Ornette and Others

JVC Bounces Back Right on Schedule

Nothing in jazz is more moving than the purity of Coleman's sound and conception. Essentially, it has remained the same since 1959, when Shelly Manne marveled at how he could make the alto saxophone laugh and cry—never in a mimetic way, but through the natural effusiveness of his inventions. His tunes reach into an unguarded place where we store the most elemental tunes of childhood, and embody their universality, encompassing every kind of emotion. His solos chortle, sigh, exult, and dream, and when he's finished you get sent back to the dust of everyday life. Small wonder the audience wouldn't let him leave. Every Coleman concert is an event, but on this night he was preaching from the mountain and the clean air was exhilarating.

Meanwhile, there was much action in the clubs, including the return of Carla Bley's big band. On opening night at Iridium she performed the current Looking for America in the first set, and began the second with an alternate, unrecorded version of the Overture to Escalator Over the Hill, continuing with a jolly Monkian piece called "Hip Hop" and excerpts from the 1996 Goes to Church. Gary Valente, a distinctive and robust trombonist who disappears from view when Bley isn't around, was featured, along with Vincent Herring, Gary Smulyan, Steve Swallow, and other familiars, but it's the stirring unity of the orchestra and Bley's decisive writing that floats this mighty ensemble. At Birdland, Ira Gitler introduced respectful but never reverent repertory bands in tribute to the Tadd Dameron and Charlie Parker units that played the Royal Roost. Don Sickler, not an exciting trumpet player but an appealing one with his confident timbre and lyrical phrasing, straw-bossed the Dameron band, with Jimmy Heath outstanding on "If You Could See Me Now" and in tandem with Jimmy Greene, who played a knockout solo on "Our Delight." The rhythm sections for both bands were in the reliable hands of Kenny Washington, Peter Washington, and pianist Michael Weiss, who is never more commanding than when reaching into his bop bag—especially in the Parker band, which featured Jim Rotundi, an accomplished trumpet player who played too close to the mic, and altoist Jesse Davis, who is back in New York after five years in New Orleans, and approximates Parker's sound with fidelity, verve, and invention. Davis is long overdue for serious attention on the club circuit.

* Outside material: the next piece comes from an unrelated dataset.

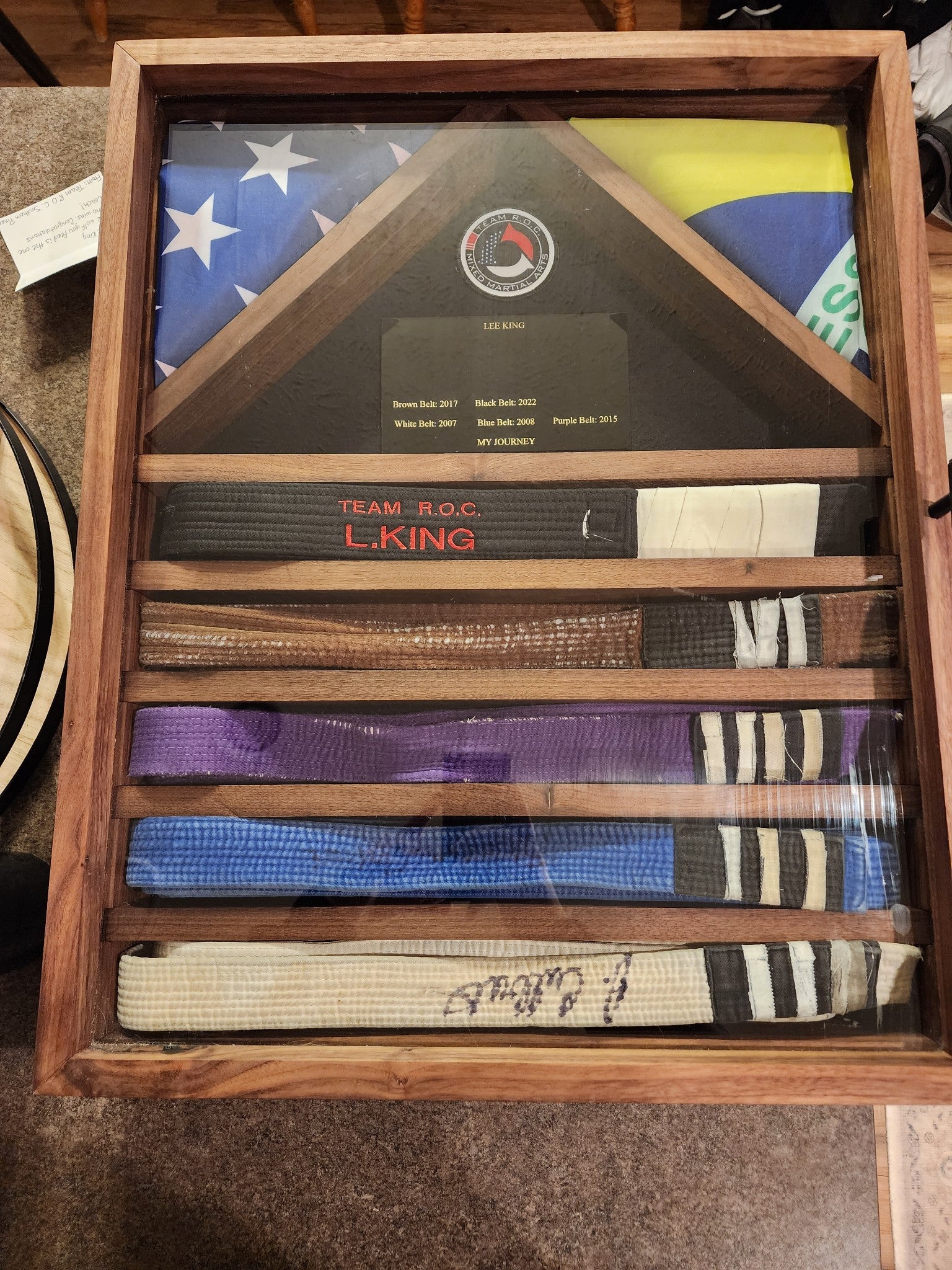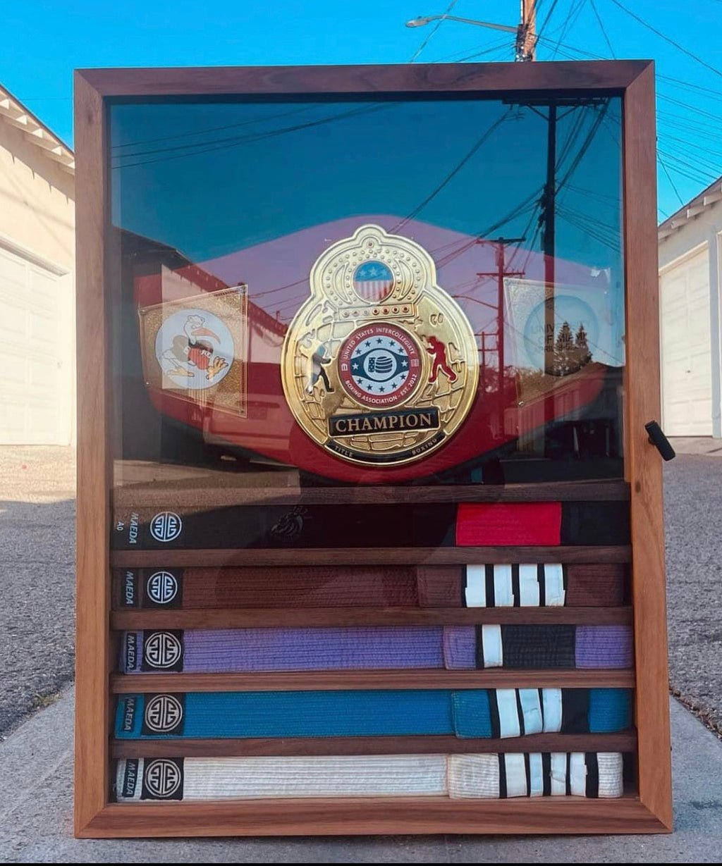 Display case for your well-earned martial arts belts. Whether you achieved success in Brazilian Jiu Jitsu, Tae Kwon Do, etc., you deserve to display your achievements.

The festival climaxed at Carnegie with "Wayne Shorter: Life & Music," a program as concise and wary as Coleman's was effulgent and generous that nevertheless came to a smashing conclusion. Personally, I liked the first set, which was 45 minutes long and involved Shorter's quartet and one duet with Herbie Hancock, yet feel obliged to report that many colleagues grumbled. Though Shorter's sound was as light as a flute and his group a model of aggressive interaction, many fans want him to play conventional quartet music with coherent solos that have at least the vitality of his recent quartet album, if not the fabled might of the Miles Davis or Weather Report eras. Shorter, however, prefers at times a kind of hide-and-seek call-and-response with Danilo Perez, John Patitucci, and Brian Blade. In this mode, the band reminds me of Count Basie rhythm interludes, where instead of a piano solo you get a four-way immersion in timekeeping. With Shorter, the issue is less about rhythm than rests and retaliations—indeed, rhythm was nowhere to be found in the superbly executed, almost Debussyan duet with Hancock.

In any case, no one complained after the second set, which was dominated by tap dancer Savion Glover, whose lack of universal recognition amazes me—though I feel the same way about Ornette Coleman. With intermittent contributions from a chamber orchestra conducted by the histrionic Robert Sadin, he leaped to his platform and beat out so riveting a tattoo of complicated rhythms, with such finesse, that no one minded and some failed to notice that he often had his back to the audience. His music is that compelling—from any angle. After his initial solos and involvement with the arrangements, he kicked new life into Shorter, challenging him in a kind of standoff that had the tenor saxophonist wailing like a banshee or, better still, the old Wayne Shorter. Then he challenged the others, and one measure of his ingenuity was that Brian Blade, the greatest drummer of his generation and one of the most restlessly stimulating since Roy Haynes, was hard-put to match him. It was over by 10, a satisfying and fitting conclusion to a festival that felt like a festival, breaking little ground but sprucing up the old homestead just fine.